Exercise in exact copying: restate word for word only the lines below from the one containing "联系电话:18531799777 企业邮箱:274354975@QQ.com 企业地址:邢台市经济开发区沙河城镇东赵庄村南" through the one containing "木材(トチ)に金属を含浸させ", omitting any pictures.

■ EXTRACTED RECORDS
=== Section Start ===
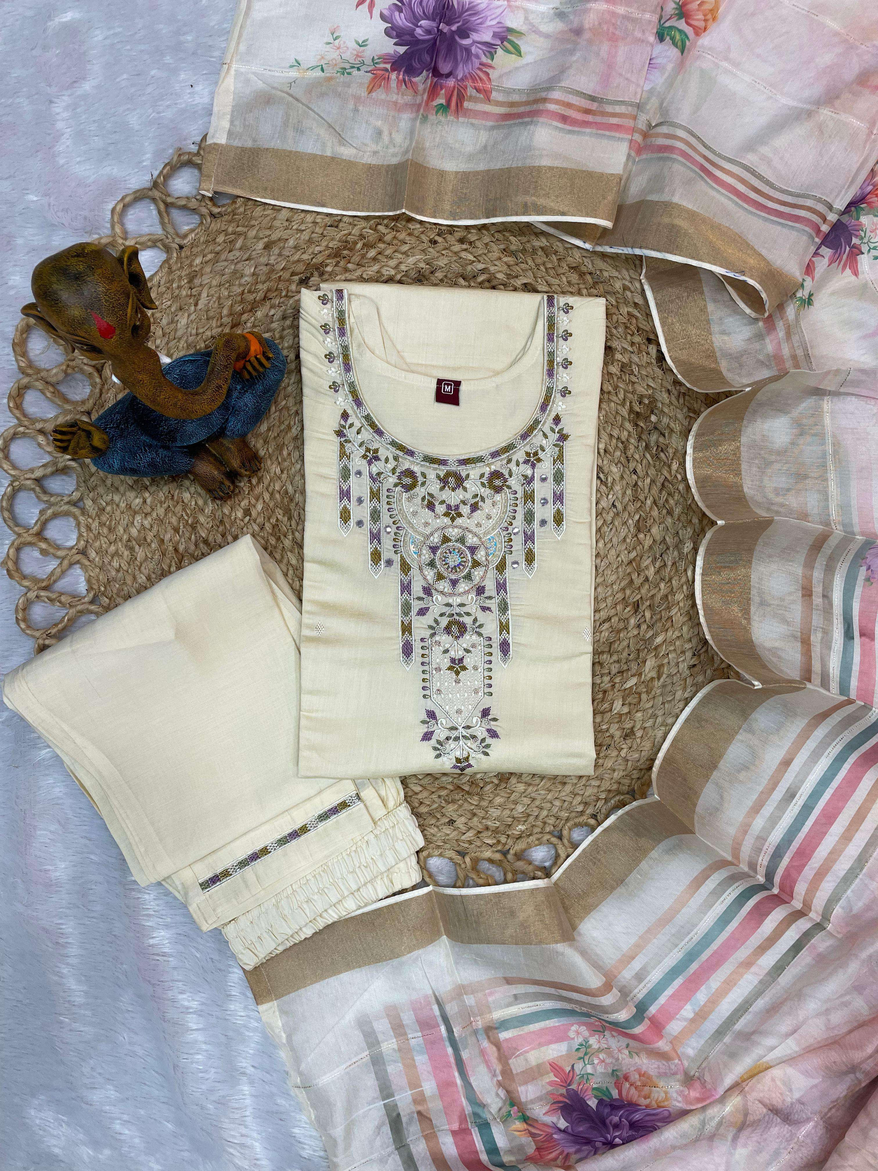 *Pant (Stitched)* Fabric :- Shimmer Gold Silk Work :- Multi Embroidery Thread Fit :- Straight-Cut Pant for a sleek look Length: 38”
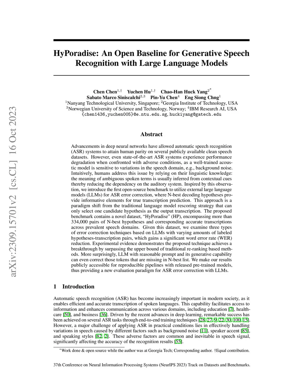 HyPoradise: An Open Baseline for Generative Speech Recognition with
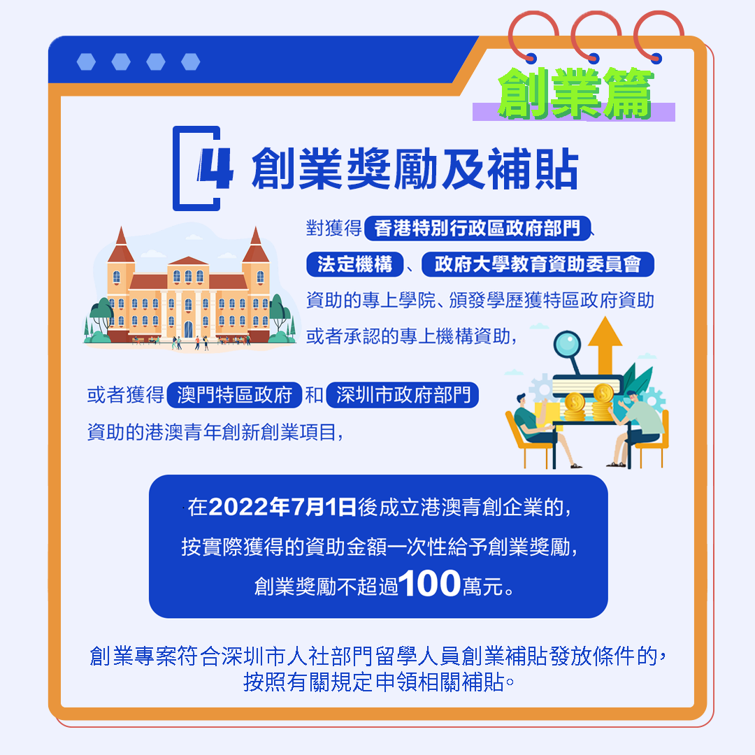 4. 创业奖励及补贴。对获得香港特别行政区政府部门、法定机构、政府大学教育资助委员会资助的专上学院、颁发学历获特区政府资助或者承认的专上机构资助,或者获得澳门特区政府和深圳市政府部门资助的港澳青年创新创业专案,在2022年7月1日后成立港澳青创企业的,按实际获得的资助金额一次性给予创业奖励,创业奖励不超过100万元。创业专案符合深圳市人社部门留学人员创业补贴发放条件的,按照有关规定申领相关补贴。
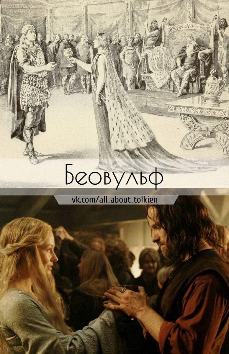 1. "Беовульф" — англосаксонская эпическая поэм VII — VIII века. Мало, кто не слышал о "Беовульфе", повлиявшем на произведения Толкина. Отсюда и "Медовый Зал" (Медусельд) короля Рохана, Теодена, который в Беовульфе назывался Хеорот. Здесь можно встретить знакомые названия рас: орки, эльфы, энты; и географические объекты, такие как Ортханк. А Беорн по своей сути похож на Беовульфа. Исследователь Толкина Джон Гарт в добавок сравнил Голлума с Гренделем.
=== Section End ===
=== Section Start ===
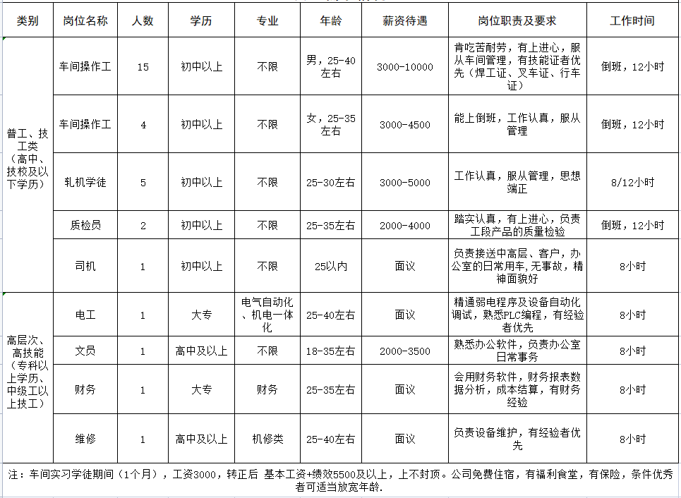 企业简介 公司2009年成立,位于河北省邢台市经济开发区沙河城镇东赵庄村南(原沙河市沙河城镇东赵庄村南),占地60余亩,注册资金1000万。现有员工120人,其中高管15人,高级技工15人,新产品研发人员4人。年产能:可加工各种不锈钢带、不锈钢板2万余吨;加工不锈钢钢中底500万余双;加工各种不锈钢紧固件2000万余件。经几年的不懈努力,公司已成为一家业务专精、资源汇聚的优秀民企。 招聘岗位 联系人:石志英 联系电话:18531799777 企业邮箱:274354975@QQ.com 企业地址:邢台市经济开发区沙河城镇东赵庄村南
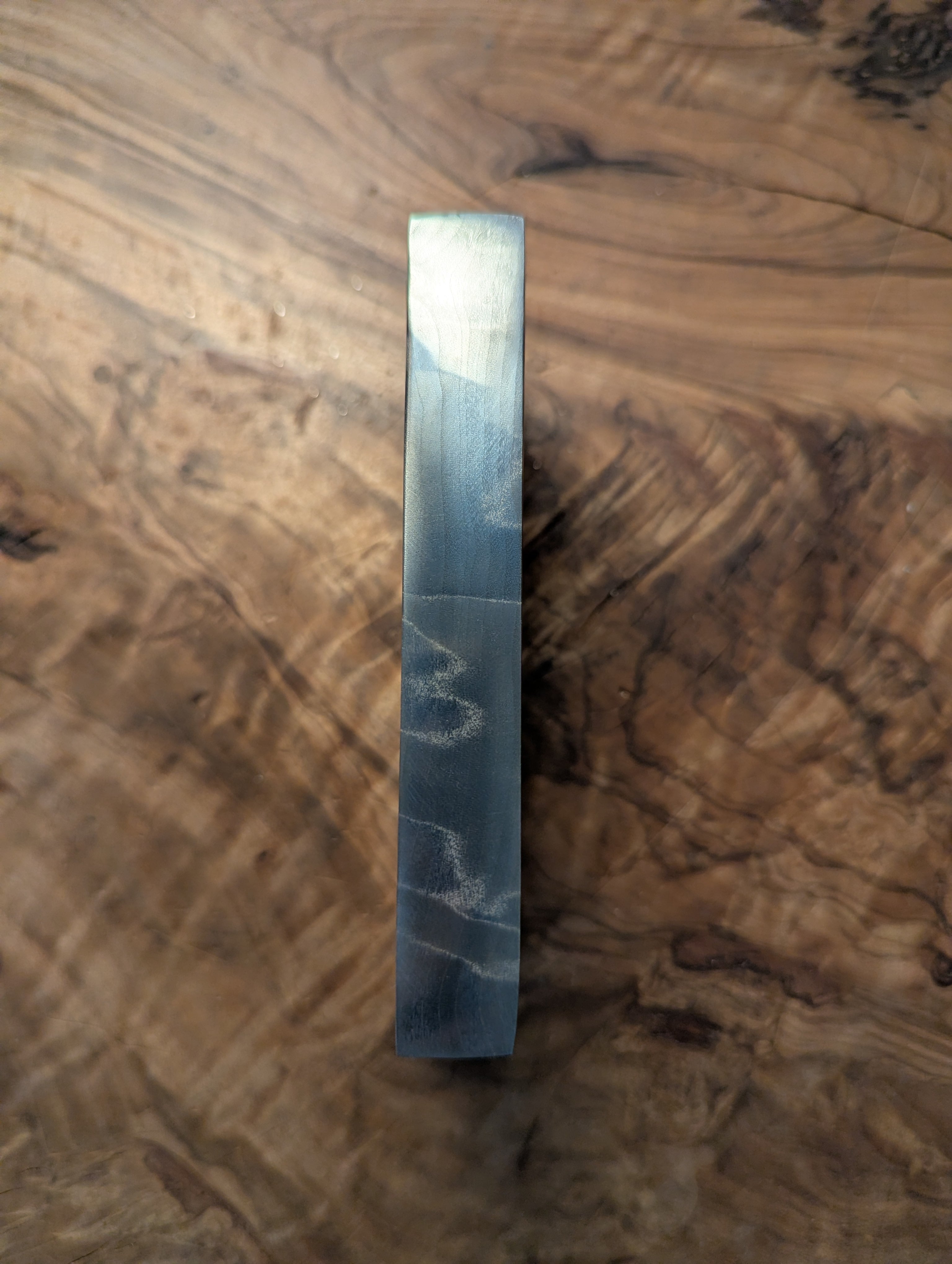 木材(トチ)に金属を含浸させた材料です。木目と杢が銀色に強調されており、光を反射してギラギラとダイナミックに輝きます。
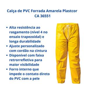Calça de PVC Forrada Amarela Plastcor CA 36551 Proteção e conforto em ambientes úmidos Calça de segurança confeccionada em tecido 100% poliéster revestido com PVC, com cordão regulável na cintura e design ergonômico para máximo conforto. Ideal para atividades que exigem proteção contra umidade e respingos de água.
=== Section End ===
■ YOUR SOLUTION
 企业简介 公司2009年成立,位于河北省邢台市经济开发区沙河城镇东赵庄村南(原沙河市沙河城镇东赵庄村南),占地60余亩,注册资金1000万。现有员工120人,其中高管15人,高级技工15人,新产品研发人员4人。年产能:可加工各种不锈钢带、不锈钢板2万余吨;加工不锈钢钢中底500万余双;加工各种不锈钢紧固件2000万余件。经几年的不懈努力,公司已成为一家业务专精、资源汇聚的优秀民企。 招聘岗位 联系人:石志英 联系电话:18531799777 企业邮箱:274354975@QQ.com 企业地址:邢台市经济开发区沙河城镇东赵庄村南
 木材(トチ)に金属を含浸させた材料です。木目と杢が銀色に強調されており、光を反射してギラギラとダイナミックに輝きます。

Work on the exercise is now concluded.